Collected data:
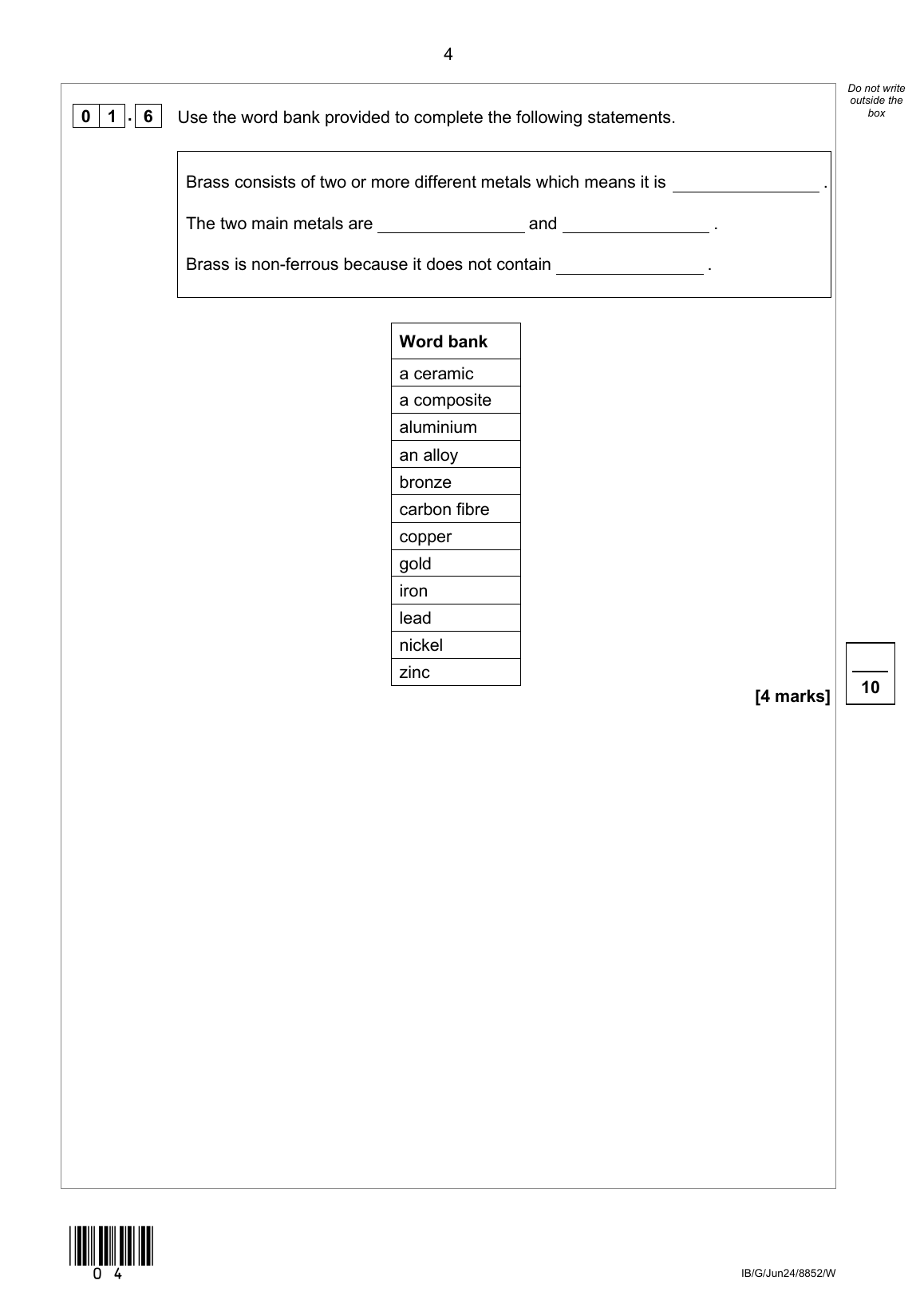 2024 AQA GCSE ENGINEERING UNIT 1 MARK SCHEME (8852/W: UNIT 1)
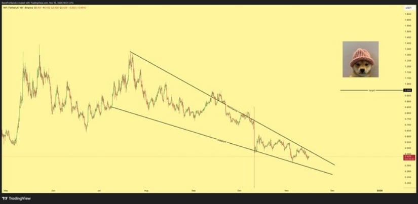 分析师BFB(@BFB)约15小时前在X平台发布的更新中指出,WIF作为长期存在的模因币,当前图表中正处于下降楔形结构内。
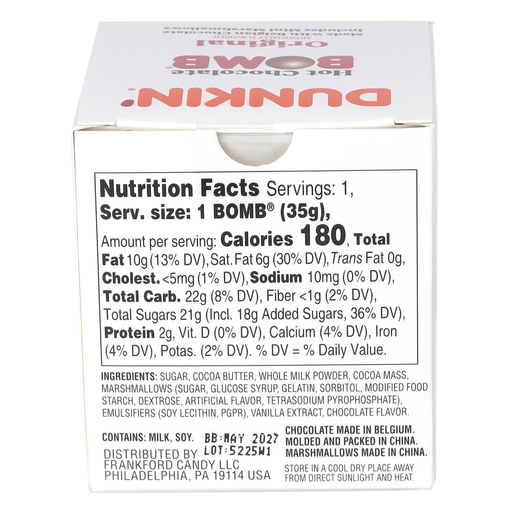 Dunkin' Original Hot Chocolate Bomb® features a rich Belgian milk chocolate exterior filled with mini-marshmallows inside. Simply place the Bomb® in a mug, pour 6 ounces of hot milk over it and watch the hollow ball transform into a rich, creamy, decadent hot cocoa treat.
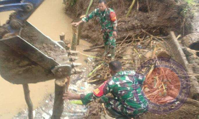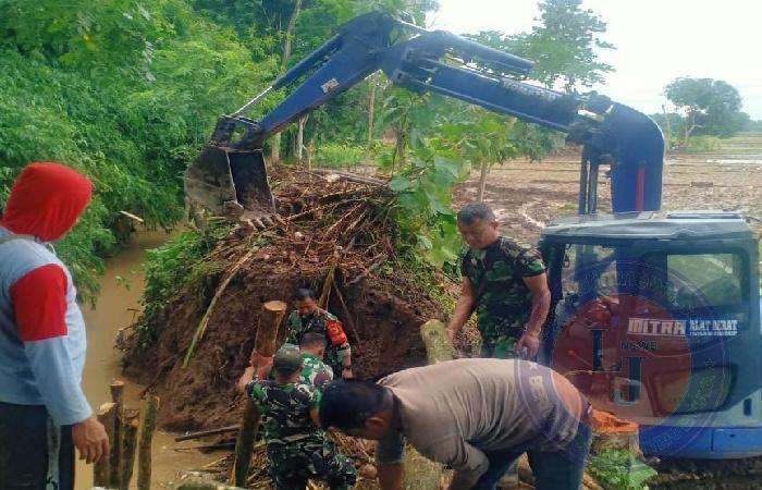 “ Kami dari Koramil Tipe B 0802/11 Bungkal ada 5 orang termasuk Babinsa Bancar bergabung bersama masyarakat, Bhanbinkamtibmas serta Pemdes Bancar gotong royong melakukan perbaikan tanggul yang jebol di areal persawahan Tempuran, ” ujar Babinsa Bancar.
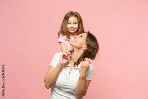 Woman in light clothes have fun with cute child baby girl. Mother, little kid daughter isolated on pastel pink wall background, studio portrait. Mother's Day, love family, parenthood childhood concept
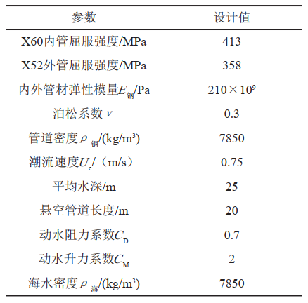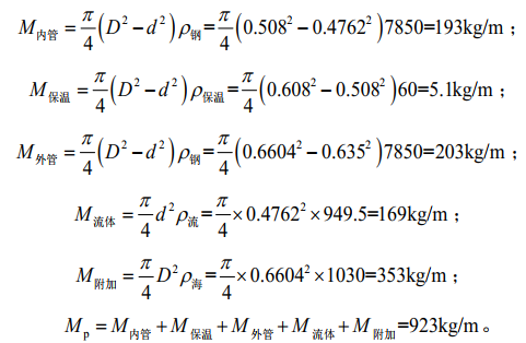 海底懸空管段的單位長(cháng)度質(zhì)量包括輸送流體質(zhì)量、內管質(zhì)量、保溫層質(zhì)量、外管質(zhì)量、附加質(zhì)量(一般可取管道排開(kāi)水體積的1~2倍)。分別計算M流體、M內管、M保溫、M外管、M附加,相加得出海底管道的單位長(cháng)度質(zhì)量MP。
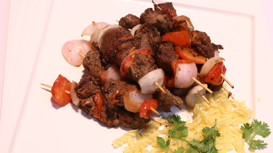 Grind the garlic and onion .now strain with cloth .then in a pot then add fat ,meat ,salt ,black pepper ,onion and garlic water add and leave for whole night .now sewing on skewer fat and boti then fry .after this add 2 tomatoes and onion pieces grill .finally do the coal smoke and serve with pasta .

Required action » Your copy must hold exactly the lines from the one with "ujar Babinsa Bancar." to the end of the records above, both included, and no pictures.

Response to this task »
 “ Kami dari Koramil Tipe B 0802/11 Bungkal ada 5 orang termasuk Babinsa Bancar bergabung bersama masyarakat, Bhanbinkamtibmas serta Pemdes Bancar gotong royong melakukan perbaikan tanggul yang jebol di areal persawahan Tempuran, ” ujar Babinsa Bancar.
 Woman in light clothes have fun with cute child baby girl. Mother, little kid daughter isolated on pastel pink wall background, studio portrait. Mother's Day, love family, parenthood childhood concept
 海底懸空管段的單位長(cháng)度質(zhì)量包括輸送流體質(zhì)量、內管質(zhì)量、保溫層質(zhì)量、外管質(zhì)量、附加質(zhì)量(一般可取管道排開(kāi)水體積的1~2倍)。分別計算M流體、M內管、M保溫、M外管、M附加,相加得出海底管道的單位長(cháng)度質(zhì)量MP。
 Grind the garlic and onion .now strain with cloth .then in a pot then add fat ,meat ,salt ,black pepper ,onion and garlic water add and leave for whole night .now sewing on skewer fat and boti then fry .after this add 2 tomatoes and onion pieces grill .finally do the coal smoke and serve with pasta .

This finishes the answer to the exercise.